Wisconsin, también imagen pintoresquista del ideal europeo de prosperidad rural: desde la carretera, se suceden las granjas bien provistas y mantenidas, con sus viejos graneros de madera reacondicionados, que evocan al visitante lugares del centro y norte europeos.
Los Grandes Lagos desde ciudades post-industriales… y desde Wisconsin
El contraste de este paisaje, que habría inspirado elogios del mismísimo Knut Hamsun de Markens Grøde, con las interminables localidades intercambiables de Michigan e Illinois, es tan abrupto como dramático. En realidad, nos encontramos en la megalópolis de los Grandes Lagos.
En torno a los grandes lagos, los pueblos industriales, hoy deprimidos, apenas recaudan suficiente para mantener en buen estado los servicios básicos; las majestuosas iglesias católicas erigidas por las colonias de origen polaco de la zona se elevan hoy junto a casas destartaladas que han sido abandonadas, una tragedia digna de mención si el visitante no hubiera pernoctado y se hubiera paseado por Detroit y zonas de las afueras de Chicago durante las jornadas anteriores.
El territorio de Los puentes de Madison, tan fotogénico y fotografiable como en la película sobre el fotógrafo y el ama de casa local de la novela y el filme protagonizado por Clint Eastwood, es tan fruto del imaginario estadounidense como los fenómenos que produjeron el «white flight» (literalmente, la «fuga blanca») en Detroit, o el fenómeno tan contemporáneo —también presente en un Detroit que permanece en «zona de guerra»— de la gentrificación.

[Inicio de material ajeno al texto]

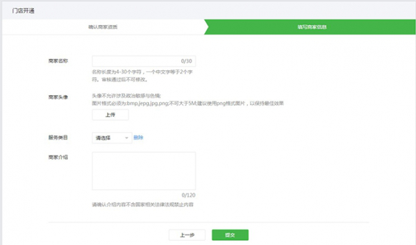 服务类目:选择商家经营的服务类目,并上传对应的资质。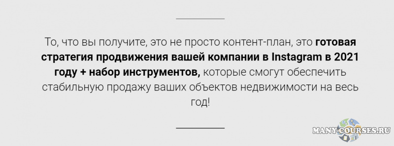 То, что вы получите, это не просто контент-план, это готовая стратегия продвижения вашей компании в Instagram в 2021 году + набор инструментов, которые смогут обеспечить стабильную продажу ваших объектов недвижимости на весь год!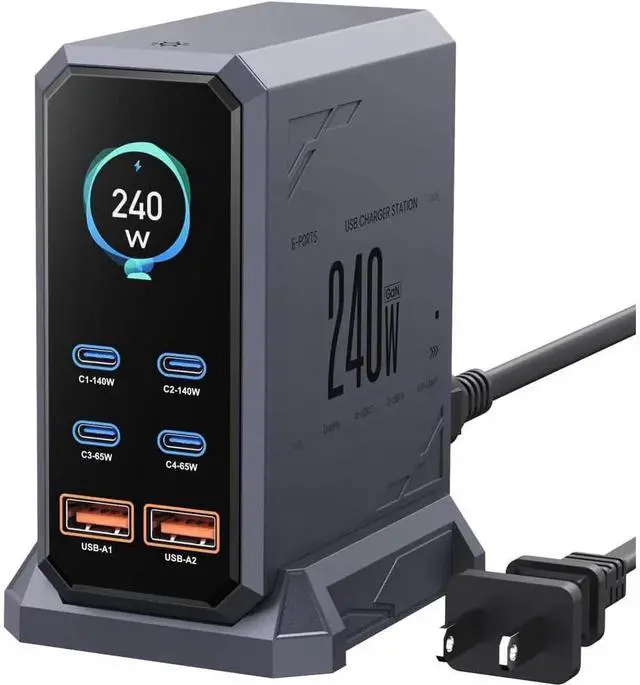 WISDUM IHDAPP 240W USB C Charger Block, 6 Ports USB Charging Station, GaN 140W PD 3.1 USB Charger, Laptop Fast Charger Adapter Desktop Charger Station with LCD Display for Laptops, Smartphones etc..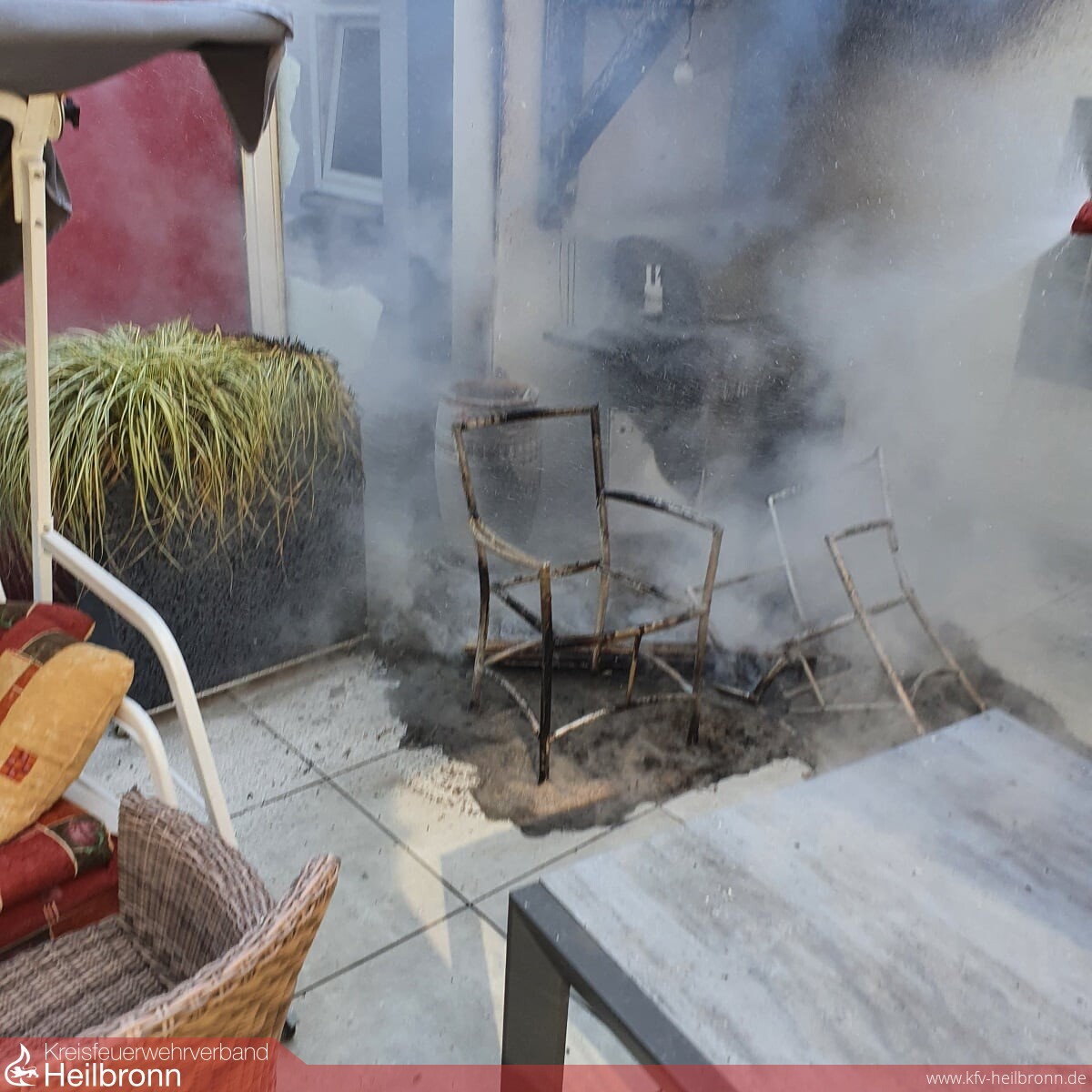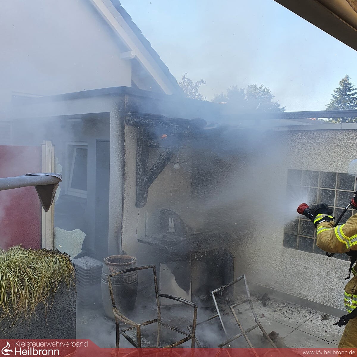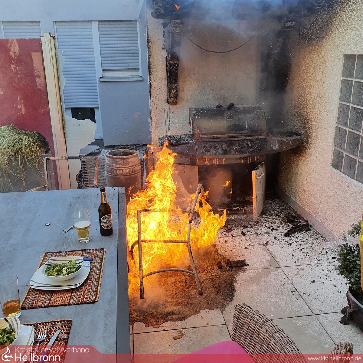 An der Einsatzstelle eingetroffen konnte durch den Einsatzleiter festgestellt werden, dass durch das Feuer bereits zwei Terassenstühle geschmolzen waren und sich der brennende Kunststoff auf den Terrassenfliesen verteilt hat. Weiter stand das Dach über dem Grill ebenfalls in Flammen. Durch einen Trupp unter Atemschutz konnte der Brand mit dem Schnellangriff recht zügig abgelöscht werden. Die Gasflasche wurde gekühlt und aus dem Gefahrenbereich verbracht. Da das Dach über dem Grill an die Garage angrenzte und auch unter der Blechverkleidung der Rauch herausgetreten ist, wurde diese vom Garagendach aus demontiert. Nach der Blechdemontage waren hier am Unterbaubalken verschiedne Glutstellen erkennbar, welche ebenfalls abgelöscht worden sind. Nach den Löscharbeiten erfolgte noch eine abschließende Kontrolle mit der Wärmebildkamera und die Übergabe der Einsatzstelle an die Polizei und die Eigentümer.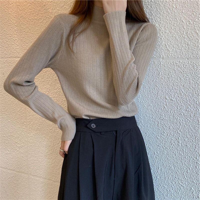 Elegant Turtleneck Knit Base Layer Autumn Winter Sweater Women's Simple Slim Fit Inner Mid-neck Top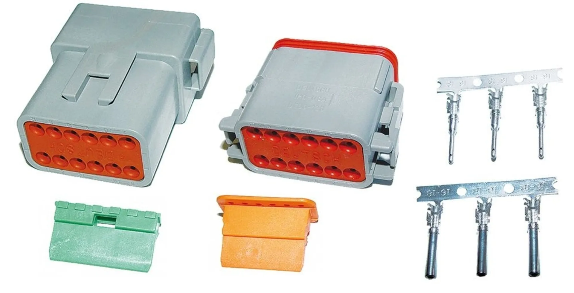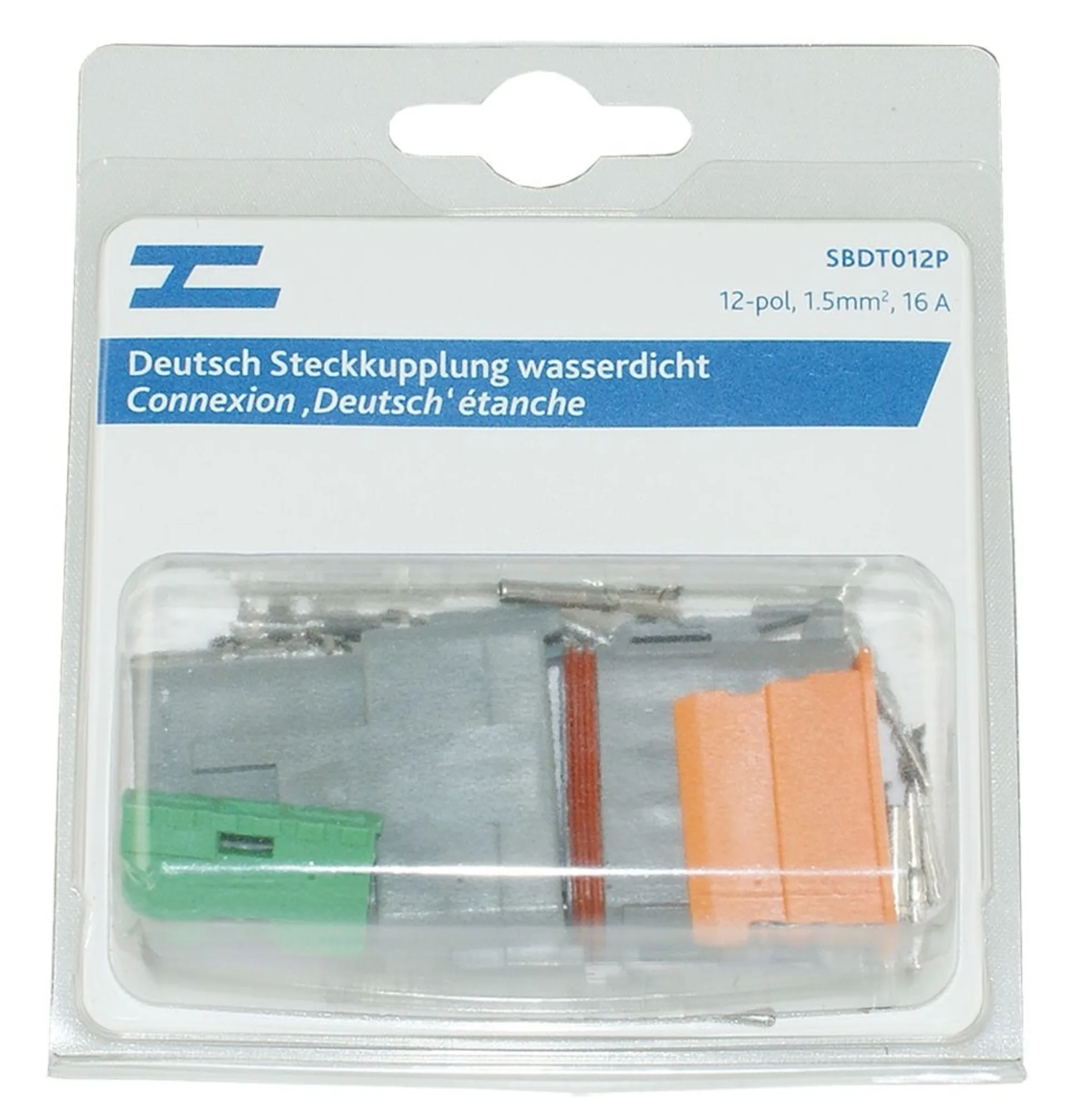 Satz Stecker und Buchse mit Kontaktpins und Haltekeilen, 12polig - 1.5mm2 - 13 Amp.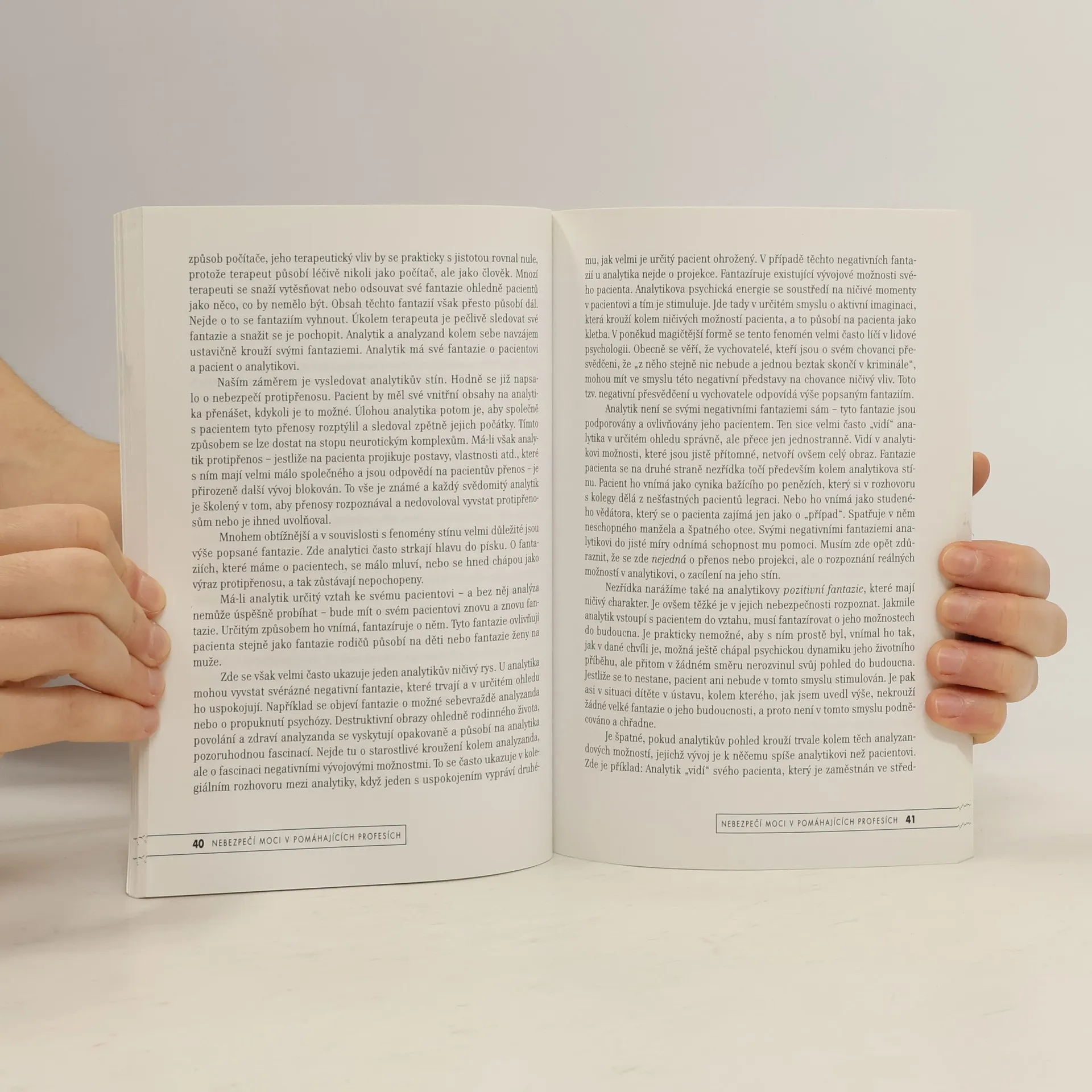Zkušený praktik na poli psychoterapie a poradenství se zamýšlí nad stinnými aspekty pomáhajících profesí, především nad tématem moci. Zabývá se především motivací, která vede člověka k tomu, aby vykonával obtížnou pomáhající profesi, jeho pozornost je zaměřena také na nevyvážený vztah mezi pomáhajícím a klientem, jenž může být pro pomáhajícího úskalím, a na další rizika, která v sobě pomáhající profese skrývají. Uvažuje rovněž nad preventivními opatřeními, jakými jsou pro člověka v pomáhající profesi vlastní sebezkušenost, supervize nebo užitečnost obyčejných vyrovnaných vztahů, které člověka sesadí z jeho vyvýšené pomáhající pozice. Kniha zaujme zájemce o psychologii, psychoterapii a tematiku pomáhajících profesí.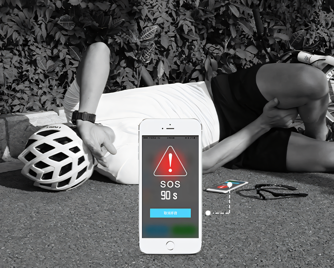 - アウトドアスポーツにおいて初めて特許取得の転倒検知とSOS警報機能を実現。事故が発生した際に転倒を検知し、90秒後にGPS位置情報を含むSMSを設定済み緊急連絡先に自動送信します。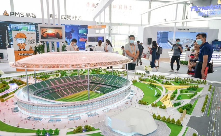 Visitors look at a sand table model of the Workers' Stadium in engineering consulting and construction services exhibition hall during the 2021 China International Fair for Trade in Services (CIFTIS) in Beijing, capital of China, Sept. 4, 2021. (Xinhua/Chen Yehua)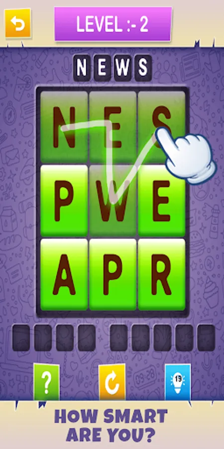 • Swipe letters to find, select and connect words.

Pensando en las enseñanzas de Aldo Leopold, visitamos la propiedad de un profesor de física de instituto retirado que decidió comprar una cabaña de madera erigida a finales del siglo XIX por un veterano de la Guerra Civil estadounidense (un sureño que luchó por la causa de la Unión y, condenado al ostracismo en su pueblo natal, decidió echar raíces en Wisconsin), moverla a su propiedad y restaurarla. Madero a madero.
A medio camino (todavía en la divisoria continental atlántica)
Charlaré con el restaurador ocasional, un intelectual humilde, sobre la calidad de la luz que entra por las ventanas y sus reminiscencias de escena de Edward Hopper (el último de los antiguos, el primero de los modernos, alejado de la experimentación abstracta de Pollock pero igual de osado).
Allí, mientras hablamos (él, un físico; yo, un periodista diletante, aprendiz de todo y maestro de nada) de Edward Hopper y Ansel Adams, nos emocionamos como niños y hacemos las paces, cada uno a nuestra manera y con nuestras razones, con lo que apreciamos de un país crudo e intenso, a veces cándido y a veces tan brutal como la ley del más fuerte de Herbert Spencer, motor tanto de los desmanes del país como del individualismo al que Jack London canta en Martin Eden, la auténtica eulogía estadounidense.
En la verde-en-verano-y-gélida-en-invierno Minesota, Estado próspero, igualitario y relativamente asequible para los estándares del país (una pequeña Escandinavia en el corazón del país), entraremos en una nueva transición en paisaje y manera de ser.
Poco a poco, las colinas rurales y apacibles de Wisconsin se convierten en praderas.
Pero la llamada de las praderas deberá esperar hasta el último artículo de nuestro último viaje por Norteamérica. Con poco tiempo para permanecer en un lugar y mucho donde elegir, nos dejaremos llevar por los relatos de amigos y conocidos fortuitos, que nos llevarán a historias tan apasionantes como imposibles de condensar en unas líneas.
Habrá que poner esto en algo de mayor extensión en el futuro. Mientras tanto, comparto apenas apuntes mentales, fotos apresuradas e impresiones.